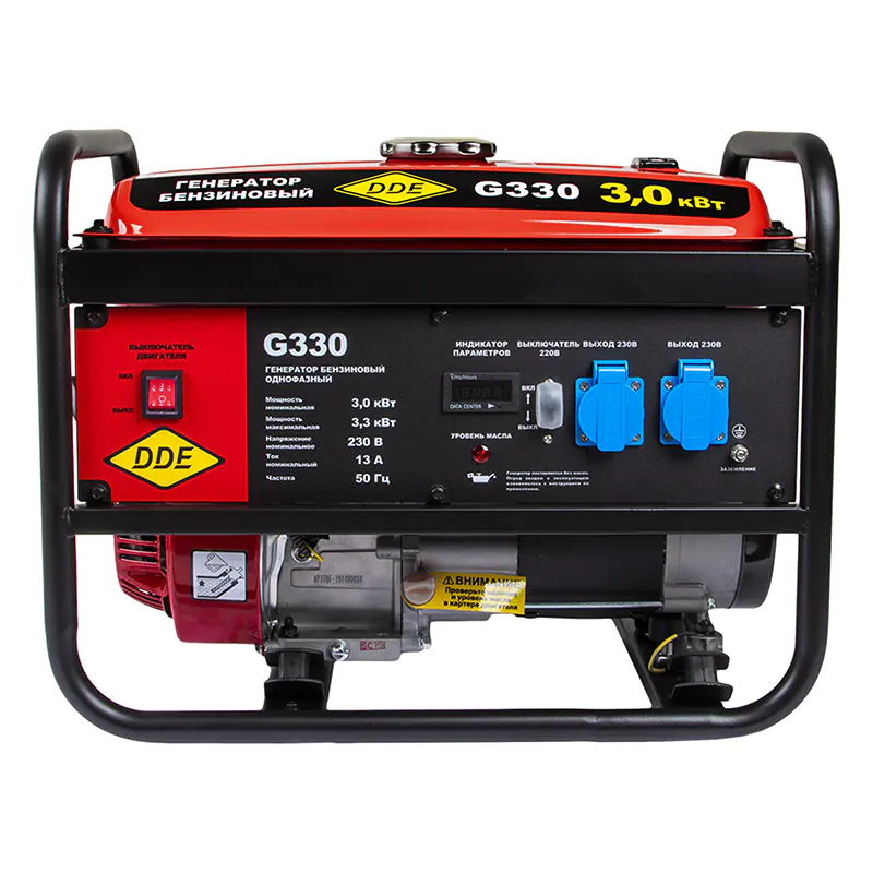 Бензиновый генератор DDE G330 используется для питания электроприборов и инструментов в случае аварийного отключения электроэнергии или недоступности центральной электросети. Устройство позволяет подключать технику с суммарной мощностью до 3,3 кВт, имеет две розетки 220 В.
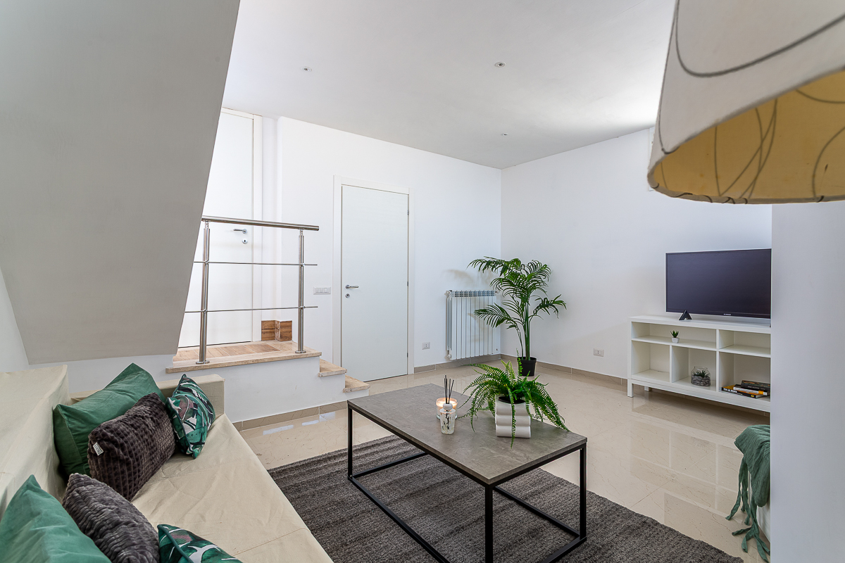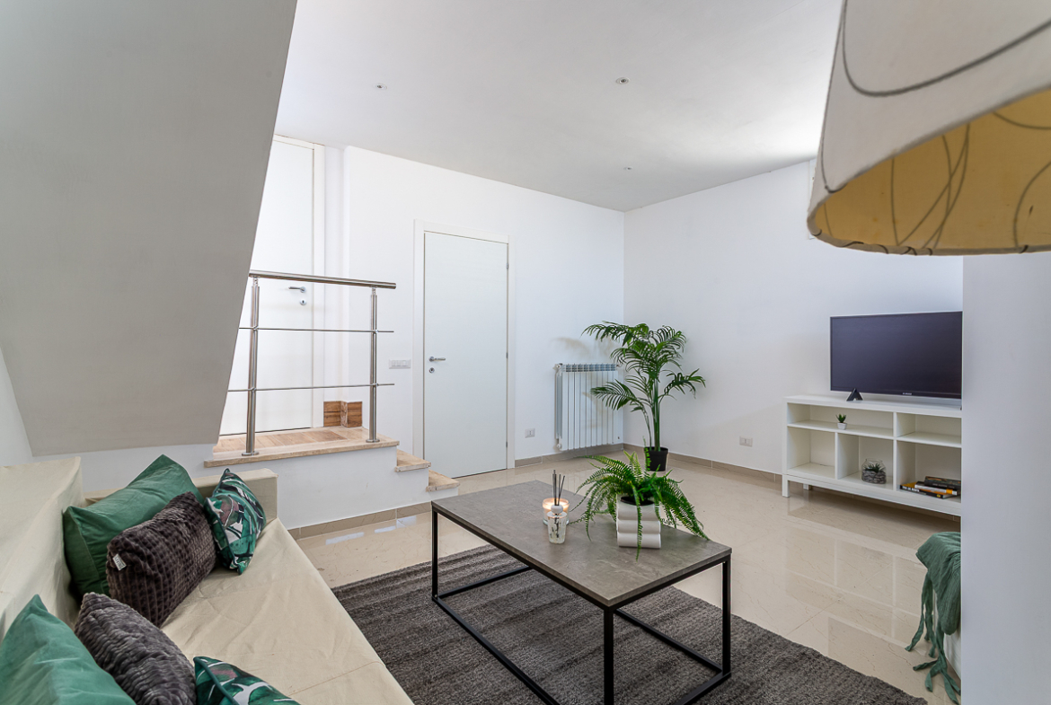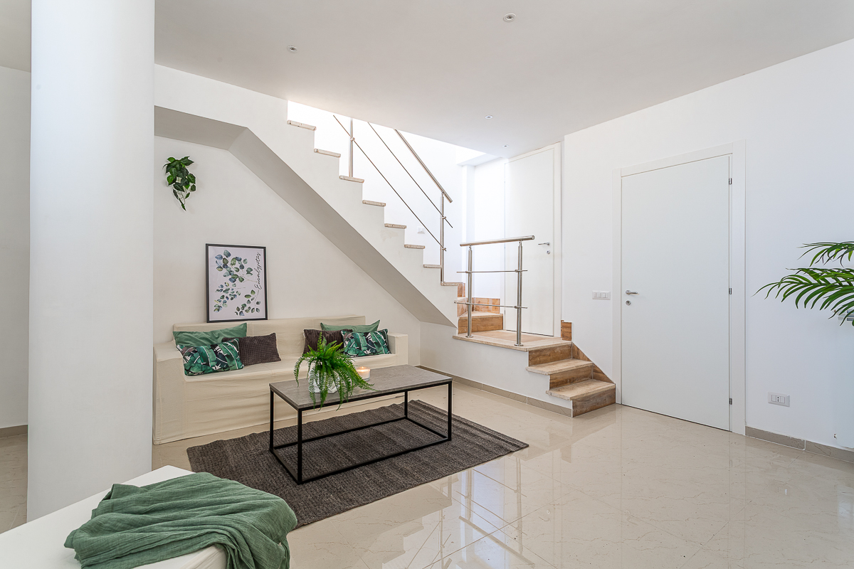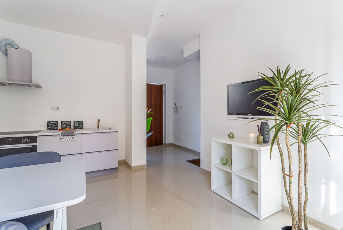 Un ingresso accogliente introduce alla luminosa zona living open space, con cucina a vista e soggiorno armoniosamente integrati.
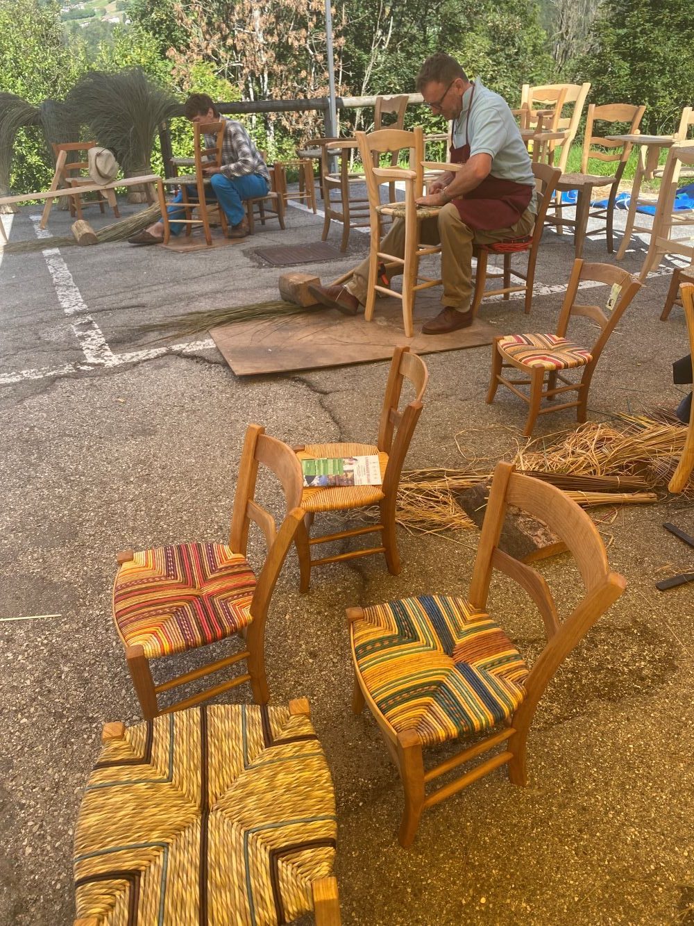 Lo apprendo durante una dimostrazione pubblica in piazza a Sagron Mis dove cinque seggiolai, di cui uno proveniente dalla Francia, sono al lavoro a favore di turisti e giornalisti in occasione della quarta edizione del Festival “Personaggio dell’anno”, che si è tenuto proprio a Sagron Mis tra il 19 e il 21 settembre 2025.

### REQUIREMENT
Wherever a picture appears in the listing above, drop it, and restate the rest exactly.

### ANSWER FOR THE TASK
 Бензиновый генератор DDE G330 используется для питания электроприборов и инструментов в случае аварийного отключения электроэнергии или недоступности центральной электросети. Устройство позволяет подключать технику с суммарной мощностью до 3,3 кВт, имеет две розетки 220 В.
 Un ingresso accogliente introduce alla luminosa zona living open space, con cucina a vista e soggiorno armoniosamente integrati.
 Lo apprendo durante una dimostrazione pubblica in piazza a Sagron Mis dove cinque seggiolai, di cui uno proveniente dalla Francia, sono al lavoro a favore di turisti e giornalisti in occasione della quarta edizione del Festival “Personaggio dell’anno”, che si è tenuto proprio a Sagron Mis tra il 19 e il 21 settembre 2025.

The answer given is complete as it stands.